→ PROBLEM DESCRIPTION: The lines to repeat are those below from the one containing "Afgelopen teeltjaar zijn" down to the one containing "Pearl Accented Split", both included; reproduce them exactly and nothing else.

→ MATERIAL PROVIDED:
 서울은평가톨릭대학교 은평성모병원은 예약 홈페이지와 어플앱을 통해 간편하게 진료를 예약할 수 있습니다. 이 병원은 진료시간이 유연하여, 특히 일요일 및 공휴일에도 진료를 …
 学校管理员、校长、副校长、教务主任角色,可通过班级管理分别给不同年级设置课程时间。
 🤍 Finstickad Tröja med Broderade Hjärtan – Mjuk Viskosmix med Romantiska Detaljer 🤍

==

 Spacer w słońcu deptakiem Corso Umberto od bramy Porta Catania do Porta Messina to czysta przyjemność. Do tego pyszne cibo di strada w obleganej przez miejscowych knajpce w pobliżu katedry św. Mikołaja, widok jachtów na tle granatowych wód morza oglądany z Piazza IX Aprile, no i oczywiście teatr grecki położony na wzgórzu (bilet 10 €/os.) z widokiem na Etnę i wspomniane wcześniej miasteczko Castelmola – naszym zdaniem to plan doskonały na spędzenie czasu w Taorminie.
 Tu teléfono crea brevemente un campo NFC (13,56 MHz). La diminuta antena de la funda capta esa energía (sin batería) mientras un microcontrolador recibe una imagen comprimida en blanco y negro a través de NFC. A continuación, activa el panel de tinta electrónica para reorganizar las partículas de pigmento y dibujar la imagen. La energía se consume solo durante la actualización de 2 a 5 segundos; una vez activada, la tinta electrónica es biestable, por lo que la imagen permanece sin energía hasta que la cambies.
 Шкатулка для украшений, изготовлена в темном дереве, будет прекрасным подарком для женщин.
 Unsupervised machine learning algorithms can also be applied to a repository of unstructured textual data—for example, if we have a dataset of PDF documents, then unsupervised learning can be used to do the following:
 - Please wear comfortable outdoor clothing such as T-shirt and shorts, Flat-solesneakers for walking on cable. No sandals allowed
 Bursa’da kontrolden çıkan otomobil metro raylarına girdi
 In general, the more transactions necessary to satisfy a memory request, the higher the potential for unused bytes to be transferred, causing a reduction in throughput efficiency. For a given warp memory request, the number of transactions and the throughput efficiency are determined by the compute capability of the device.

---

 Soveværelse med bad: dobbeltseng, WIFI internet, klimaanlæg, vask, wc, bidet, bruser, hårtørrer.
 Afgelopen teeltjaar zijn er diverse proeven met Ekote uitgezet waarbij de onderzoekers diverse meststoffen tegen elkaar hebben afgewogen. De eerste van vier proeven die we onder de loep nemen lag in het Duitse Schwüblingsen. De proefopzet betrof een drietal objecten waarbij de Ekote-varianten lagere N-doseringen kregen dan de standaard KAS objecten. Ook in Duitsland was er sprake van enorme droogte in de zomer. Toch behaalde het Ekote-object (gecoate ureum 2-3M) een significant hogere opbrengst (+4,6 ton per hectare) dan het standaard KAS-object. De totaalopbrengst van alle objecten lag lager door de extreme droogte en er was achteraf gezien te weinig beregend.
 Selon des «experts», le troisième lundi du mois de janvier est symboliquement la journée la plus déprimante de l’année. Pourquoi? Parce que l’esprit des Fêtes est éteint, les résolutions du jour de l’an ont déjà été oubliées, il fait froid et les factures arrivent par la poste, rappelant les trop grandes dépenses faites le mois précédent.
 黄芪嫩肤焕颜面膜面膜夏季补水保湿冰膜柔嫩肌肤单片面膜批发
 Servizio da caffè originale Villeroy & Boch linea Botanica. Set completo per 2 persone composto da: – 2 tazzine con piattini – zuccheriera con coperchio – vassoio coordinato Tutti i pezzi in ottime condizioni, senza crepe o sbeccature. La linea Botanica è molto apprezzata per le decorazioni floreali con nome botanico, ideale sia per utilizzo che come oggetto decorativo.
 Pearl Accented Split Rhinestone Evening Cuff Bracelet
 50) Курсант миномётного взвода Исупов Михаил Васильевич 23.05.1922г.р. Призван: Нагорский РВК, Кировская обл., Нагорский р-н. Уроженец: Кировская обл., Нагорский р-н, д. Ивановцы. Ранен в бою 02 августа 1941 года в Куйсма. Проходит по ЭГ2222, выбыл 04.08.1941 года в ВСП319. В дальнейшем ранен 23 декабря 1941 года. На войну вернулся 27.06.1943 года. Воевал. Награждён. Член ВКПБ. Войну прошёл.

→ RESPONSE TO THIS EXERCISE:
 Afgelopen teeltjaar zijn er diverse proeven met Ekote uitgezet waarbij de onderzoekers diverse meststoffen tegen elkaar hebben afgewogen. De eerste van vier proeven die we onder de loep nemen lag in het Duitse Schwüblingsen. De proefopzet betrof een drietal objecten waarbij de Ekote-varianten lagere N-doseringen kregen dan de standaard KAS objecten. Ook in Duitsland was er sprake van enorme droogte in de zomer. Toch behaalde het Ekote-object (gecoate ureum 2-3M) een significant hogere opbrengst (+4,6 ton per hectare) dan het standaard KAS-object. De totaalopbrengst van alle objecten lag lager door de extreme droogte en er was achteraf gezien te weinig beregend.
 Selon des «experts», le troisième lundi du mois de janvier est symboliquement la journée la plus déprimante de l’année. Pourquoi? Parce que l’esprit des Fêtes est éteint, les résolutions du jour de l’an ont déjà été oubliées, il fait froid et les factures arrivent par la poste, rappelant les trop grandes dépenses faites le mois précédent.
 黄芪嫩肤焕颜面膜面膜夏季补水保湿冰膜柔嫩肌肤单片面膜批发
 Servizio da caffè originale Villeroy & Boch linea Botanica. Set completo per 2 persone composto da: – 2 tazzine con piattini – zuccheriera con coperchio – vassoio coordinato Tutti i pezzi in ottime condizioni, senza crepe o sbeccature. La linea Botanica è molto apprezzata per le decorazioni floreali con nome botanico, ideale sia per utilizzo che come oggetto decorativo.
 Pearl Accented Split Rhinestone Evening Cuff Bracelet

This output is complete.